- **Exercise objective**
Pictures must be kept out of the copy. Every entry is to be duplicated exactly.

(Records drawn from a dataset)

- - - - - - -

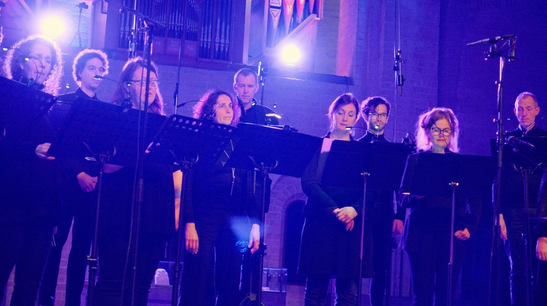 Nicolaïkerk, Elive (Feb '24): Performance of 'a-a-a', a piece for choir, organ, percussion and electronics.
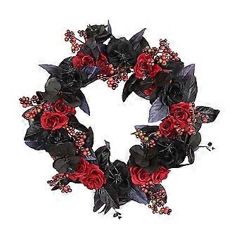 Halloween Door Decorations, Black Red Rose Spooky Garland Leaves Branch
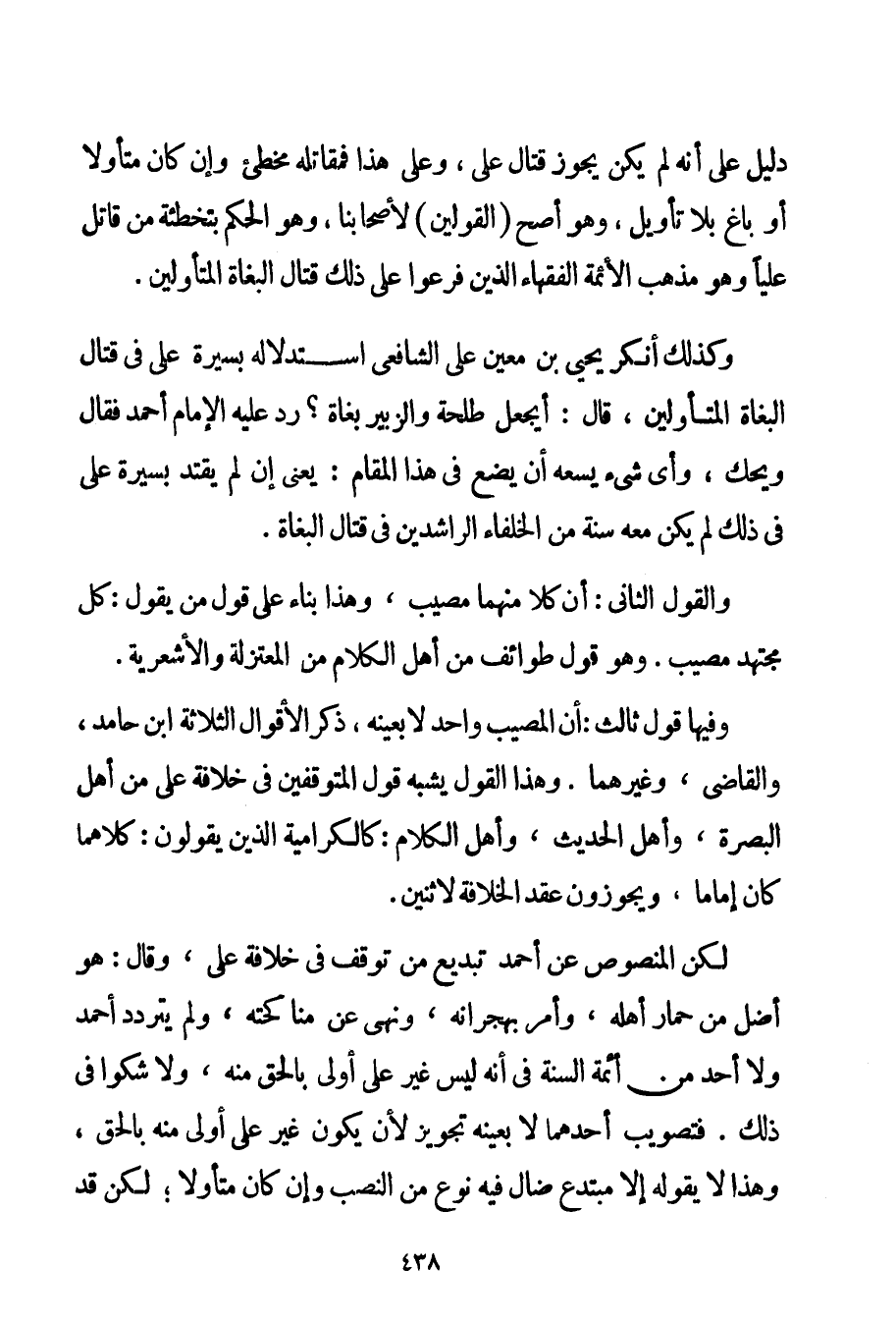 دَلِيلٌ عَلَى أَنَّهُ لَمْ يَكُنْ يَجُوزُ قِتَالُ عَلِيٍّ وَعَلَى هَذَا فَمُقَاتِلُهُ مُخْطِئٌ وَإِنْ كَانَ مُتَأَوِّلًا أَوْ بَاغٍ بِلَا تَأْوِيلٍ وَهُوَ أَصَحُّ (الْقَوْلَيْنِ لِأَصْحَابِنَا وَهُوَ الْحُكْمُ بِتَخْطِئَةِ مَنْ قَاتَلَ عَلِيًّا وَهُوَ مَذْهَبُ الْأَئِمَّةِ الْفُقَهَاءِ الَّذِينَ فَرَّعُوا عَلَى ذَلِكَ قِتَالَ الْبُغَاةِ الْمُتَأَوِّلِينَ. وَكَذَلِكَ أَنْكَرَ يَحْيَى بْنُ مَعِينٍ عَلَى الشَّافِعِيِّ اسْتِدْلَالَهُ بِسِيرَةِ عَلِيٍّ فِي قِتَالِ الْبُغَاةِ الْمُتَأَوِّلِينَ قَالَ: أَيُجْعَلُ طَلْحَةُ وَالزُّبَيْرُ بُغَاةً؟ رَدَّ عَلَيْهِ الْإِمَامُ أَحْمَد فَقَالَ وَيْحَك وَأَيُّ شَيْءٍ يَسَعُهُ أَنْ يَضَعَ فِي هَذَا الْمَقَامِ: يَعْنِي إنْ لَمْ يَقْتَدِ بِسِيرَةِ عَلِيٍّ فِي ذَلِكَ لَمْ يَكُنْ مَعَهُ سُنَّةٌ مِنْ الْخُلَفَاءِ الرَّاشِدِينَ فِي قِتَالِ الْبُغَاةِ. وَالْقَوْلُ الثَّانِي: أَنَّ كُلًّا مِنْهُمَا مُصِيبٌ وَهَذَا بِنَاءً عَلَى قَوْلِ مَنْ يَقُولُ: كُلُّ مُجْتَهِدٍ مُصِيبٌ. وَهُوَ قَوْلُ طَوَائِفَ مِنْ أَهْلِ الْكَلَامِ مِنْ الْمُعْتَزِلَةِ وَالْأَشْعَرِيَّةِ. وَفِيهَا قَوْلٌ ثَالِثٌ: أَنَّ الْمُصِيبَ وَاحِدٌ لَا بِعَيْنِهِ ذَكَرَ الْأَقْوَالَ الثَّلَاثَةَ ابْنُ حَامِدٍ وَالْقَاضِي وَغَيْرُهُمَا. وَهَذَا الْقَوْلُ يُشْبِهُ قَوْلَ الْمُتَوَقِّفِينَ فِي خِلَافَةِ عَلِيٍّ مِنْ أَهْلِ الْبَصْرَةِ وَأَهْلِ الْحَدِيثِ وَأَهْلِ الْكَلَامِ: كالكَرَّامِيَة الَّذِينَ يَقُولُونَ: كِلَاهُمَا كَانَ إمَامًا وَيُجَوِّزُونَ عَقْدَ الْخِلَافَةِ لِاثْنَيْنِ. لَكِنَّ الْمَنْصُوصَ عَنْ أَحْمَد تَبْدِيعُ مَنْ تَوَقَّفَ فِي خِلَافَةِ عَلِيٍّ وَقَالَ: هُوَ أَضَلُّ مِنْ حِمَارِ أَهْلِهِ وَأَمَرَ بِهِجْرَانِهِ وَنَهَى عَنْ مُنَاكَحَتِهِ وَلَمْ يَتَرَدَّدْ أَحْمَد وَلَا أَحَدٌ مِنْ أَئِمَّةِ السُّنَّةِ فِي أَنَّهُ لَيْسَ غَيْرُ عَلِيٍّ أَوْلَى بِالْحَقِّ مِنْهُ وَلَا شَكُّوا فِي ذَلِكَ. فَتَصْوِيبُ أَحَدِهِمَا لَا بِعَيْنِهِ تَجْوِيزٌ لِأَنْ يَكُونَ غَيْرُ عَلِيٍّ أَوْلَى مِنْهُ بِالْحَقِّ وَهَذَا لَا يَقُولُهُ إلَّا مُبْتَدِعٌ ضَالٌّ فِيهِ نَوْعٌ مِنْ النَّصْبِ وَإِنْ كَانَ مُتَأَوِّلًا؛ لَكِنْ قَدْ
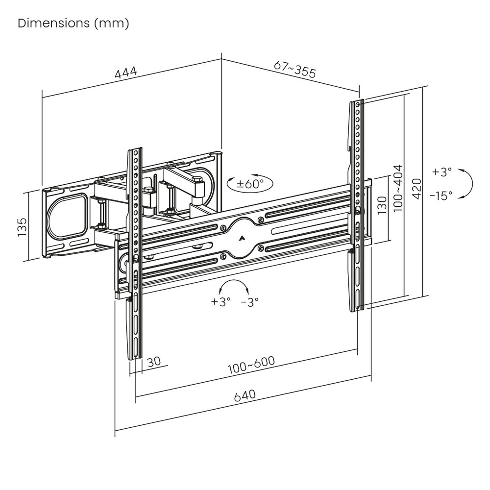 Een wandbeugel waarmee je de flexibiliteit hebt om het scherm te draaien en kantelen en je het scherm eenvoudig recht naar voren of naar achter kunt halen. De afstand tot de wand is wanneer je de beugel volledig ingeklapt hebt slechts 67 mm en volledig uitgestrekt 355 mm. Volledig uitgestrekt kun je het scherm tot maximaal 60° links -of rechtsom draaien om zo een fijne kijkhoek te hebben.
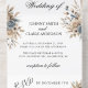 A Boho Pampas Grass Elegant and Dusty Blue floral design perfect for your summer and fall wedding themes. You can change the wording, text size, color and font on this template. You can add background or edit the color
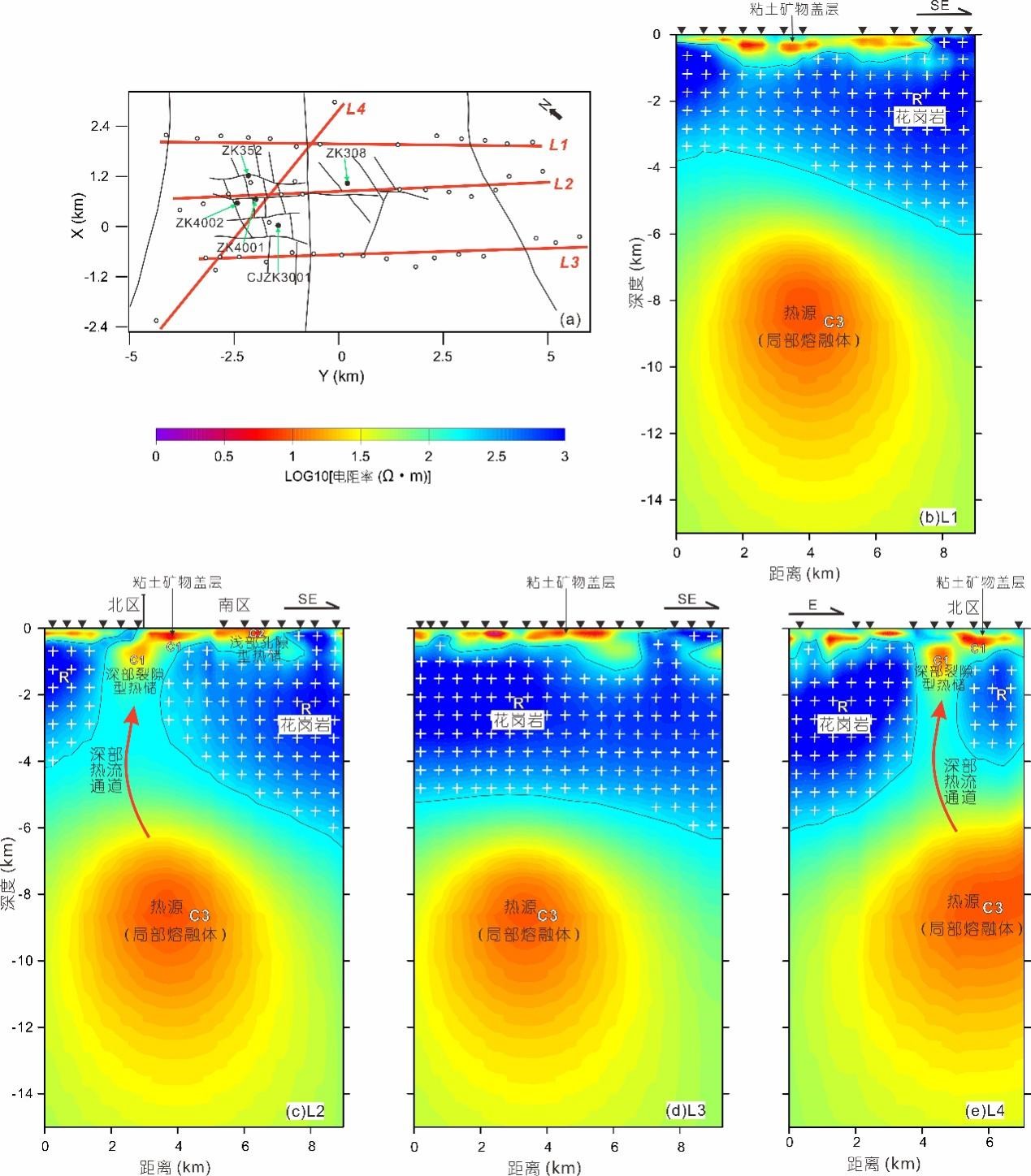 羊八井地热田至今没有发现第四纪火山岩,热源性质、深部热储特征、地热流体升流通道等问题曾经争论了许多年。Hochstein和Yang(1995)提出了羊八井深循环地热水成因模式。但随着ZK4002、ZK4001井先后成功揭露出超过250℃的地热流体,国内外同行对该地热田具有岩浆热源的属性已达成共识。氦同位素测定表明,地热气体中来自地幔的组分约为3%。据此可以推断局部熔融体主要是地壳物质组分,通过深大断裂混入了少量的来自青藏高原地幔楔的流体组分,与同属亚东-古露裂谷的羊易、古露等高温地热田类似。国际合作项目(INDEPTH)研究发现, 在羊八井等地15~20km深度存在着含水的花岗质岩浆层,而这次在地热田中部6.2~14km深度范围内探测到的局部熔融体很可能是来自该岩浆层的上涌,局部熔融体的平均深度是10.1km。
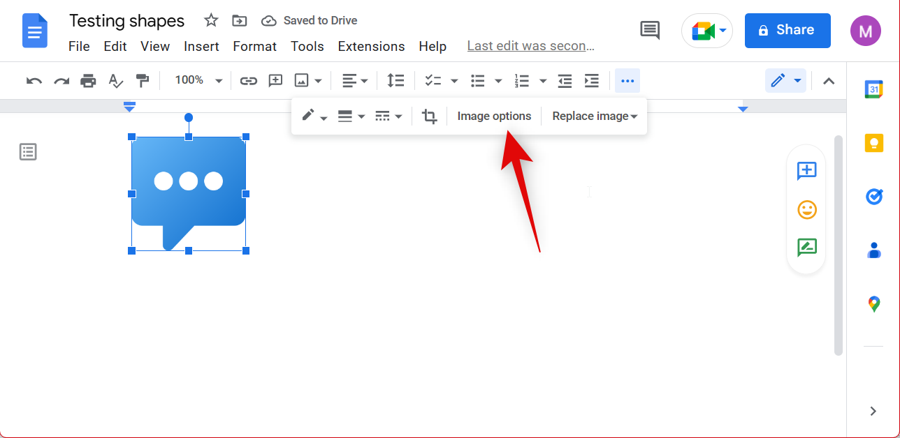 Image options allow for more control by resizing your drawing using numerical values. This allows for better control over your shape size, especially if you wish to get it printed to exact sizes on paper. Use the steps below to use image options to resize your drawing in Google Docs.
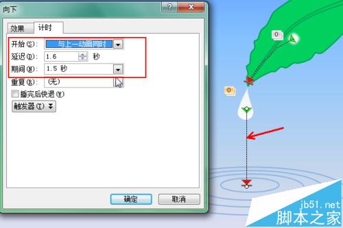 7、还是选中叶尖的露珠,添加向下的路径效果,点击“计时”,设置为“与上一动画同时”,延迟1.6秒,期间1.5秒,点击“效果”,平滑开始设置为0.6秒,设置“播放动画后隐藏”
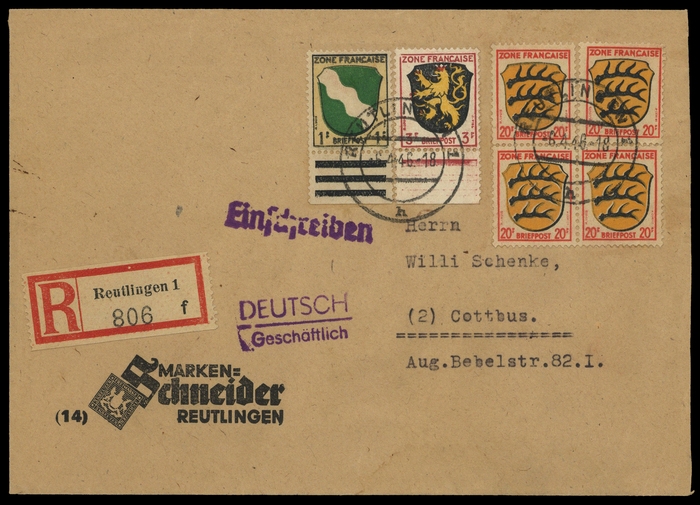 1945/46, 1 und 3 Pfg. je vom Unterrand sowie 4mal 20 Pfg. Wappen auf portoger. R-Brief aus "REUTLINGEN 6.4.46" nach Cottbus, Beförderungs-und leichte Alterungsspuren

- - - - - - -

- **Result of the task**
 Nicolaïkerk, Elive (Feb '24): Performance of 'a-a-a', a piece for choir, organ, percussion and electronics.
 Halloween Door Decorations, Black Red Rose Spooky Garland Leaves Branch
 دَلِيلٌ عَلَى أَنَّهُ لَمْ يَكُنْ يَجُوزُ قِتَالُ عَلِيٍّ وَعَلَى هَذَا فَمُقَاتِلُهُ مُخْطِئٌ وَإِنْ كَانَ مُتَأَوِّلًا أَوْ بَاغٍ بِلَا تَأْوِيلٍ وَهُوَ أَصَحُّ (الْقَوْلَيْنِ لِأَصْحَابِنَا وَهُوَ الْحُكْمُ بِتَخْطِئَةِ مَنْ قَاتَلَ عَلِيًّا وَهُوَ مَذْهَبُ الْأَئِمَّةِ الْفُقَهَاءِ الَّذِينَ فَرَّعُوا عَلَى ذَلِكَ قِتَالَ الْبُغَاةِ الْمُتَأَوِّلِينَ. وَكَذَلِكَ أَنْكَرَ يَحْيَى بْنُ مَعِينٍ عَلَى الشَّافِعِيِّ اسْتِدْلَالَهُ بِسِيرَةِ عَلِيٍّ فِي قِتَالِ الْبُغَاةِ الْمُتَأَوِّلِينَ قَالَ: أَيُجْعَلُ طَلْحَةُ وَالزُّبَيْرُ بُغَاةً؟ رَدَّ عَلَيْهِ الْإِمَامُ أَحْمَد فَقَالَ وَيْحَك وَأَيُّ شَيْءٍ يَسَعُهُ أَنْ يَضَعَ فِي هَذَا الْمَقَامِ: يَعْنِي إنْ لَمْ يَقْتَدِ بِسِيرَةِ عَلِيٍّ فِي ذَلِكَ لَمْ يَكُنْ مَعَهُ سُنَّةٌ مِنْ الْخُلَفَاءِ الرَّاشِدِينَ فِي قِتَالِ الْبُغَاةِ. وَالْقَوْلُ الثَّانِي: أَنَّ كُلًّا مِنْهُمَا مُصِيبٌ وَهَذَا بِنَاءً عَلَى قَوْلِ مَنْ يَقُولُ: كُلُّ مُجْتَهِدٍ مُصِيبٌ. وَهُوَ قَوْلُ طَوَائِفَ مِنْ أَهْلِ الْكَلَامِ مِنْ الْمُعْتَزِلَةِ وَالْأَشْعَرِيَّةِ. وَفِيهَا قَوْلٌ ثَالِثٌ: أَنَّ الْمُصِيبَ وَاحِدٌ لَا بِعَيْنِهِ ذَكَرَ الْأَقْوَالَ الثَّلَاثَةَ ابْنُ حَامِدٍ وَالْقَاضِي وَغَيْرُهُمَا. وَهَذَا الْقَوْلُ يُشْبِهُ قَوْلَ الْمُتَوَقِّفِينَ فِي خِلَافَةِ عَلِيٍّ مِنْ أَهْلِ الْبَصْرَةِ وَأَهْلِ الْحَدِيثِ وَأَهْلِ الْكَلَامِ: كالكَرَّامِيَة الَّذِينَ يَقُولُونَ: كِلَاهُمَا كَانَ إمَامًا وَيُجَوِّزُونَ عَقْدَ الْخِلَافَةِ لِاثْنَيْنِ. لَكِنَّ الْمَنْصُوصَ عَنْ أَحْمَد تَبْدِيعُ مَنْ تَوَقَّفَ فِي خِلَافَةِ عَلِيٍّ وَقَالَ: هُوَ أَضَلُّ مِنْ حِمَارِ أَهْلِهِ وَأَمَرَ بِهِجْرَانِهِ وَنَهَى عَنْ مُنَاكَحَتِهِ وَلَمْ يَتَرَدَّدْ أَحْمَد وَلَا أَحَدٌ مِنْ أَئِمَّةِ السُّنَّةِ فِي أَنَّهُ لَيْسَ غَيْرُ عَلِيٍّ أَوْلَى بِالْحَقِّ مِنْهُ وَلَا شَكُّوا فِي ذَلِكَ. فَتَصْوِيبُ أَحَدِهِمَا لَا بِعَيْنِهِ تَجْوِيزٌ لِأَنْ يَكُونَ غَيْرُ عَلِيٍّ أَوْلَى مِنْهُ بِالْحَقِّ وَهَذَا لَا يَقُولُهُ إلَّا مُبْتَدِعٌ ضَالٌّ فِيهِ نَوْعٌ مِنْ النَّصْبِ وَإِنْ كَانَ مُتَأَوِّلًا؛ لَكِنْ قَدْ
 Een wandbeugel waarmee je de flexibiliteit hebt om het scherm te draaien en kantelen en je het scherm eenvoudig recht naar voren of naar achter kunt halen. De afstand tot de wand is wanneer je de beugel volledig ingeklapt hebt slechts 67 mm en volledig uitgestrekt 355 mm. Volledig uitgestrekt kun je het scherm tot maximaal 60° links -of rechtsom draaien om zo een fijne kijkhoek te hebben.
 A Boho Pampas Grass Elegant and Dusty Blue floral design perfect for your summer and fall wedding themes. You can change the wording, text size, color and font on this template. You can add background or edit the color
 羊八井地热田至今没有发现第四纪火山岩,热源性质、深部热储特征、地热流体升流通道等问题曾经争论了许多年。Hochstein和Yang(1995)提出了羊八井深循环地热水成因模式。但随着ZK4002、ZK4001井先后成功揭露出超过250℃的地热流体,国内外同行对该地热田具有岩浆热源的属性已达成共识。氦同位素测定表明,地热气体中来自地幔的组分约为3%。据此可以推断局部熔融体主要是地壳物质组分,通过深大断裂混入了少量的来自青藏高原地幔楔的流体组分,与同属亚东-古露裂谷的羊易、古露等高温地热田类似。国际合作项目(INDEPTH)研究发现, 在羊八井等地15~20km深度存在着含水的花岗质岩浆层,而这次在地热田中部6.2~14km深度范围内探测到的局部熔融体很可能是来自该岩浆层的上涌,局部熔融体的平均深度是10.1km。
 Image options allow for more control by resizing your drawing using numerical values. This allows for better control over your shape size, especially if you wish to get it printed to exact sizes on paper. Use the steps below to use image options to resize your drawing in Google Docs.
 7、还是选中叶尖的露珠,添加向下的路径效果,点击“计时”,设置为“与上一动画同时”,延迟1.6秒,期间1.5秒,点击“效果”,平滑开始设置为0.6秒,设置“播放动画后隐藏”
 1945/46, 1 und 3 Pfg. je vom Unterrand sowie 4mal 20 Pfg. Wappen auf portoger. R-Brief aus "REUTLINGEN 6.4.46" nach Cottbus, Beförderungs-und leichte Alterungsspuren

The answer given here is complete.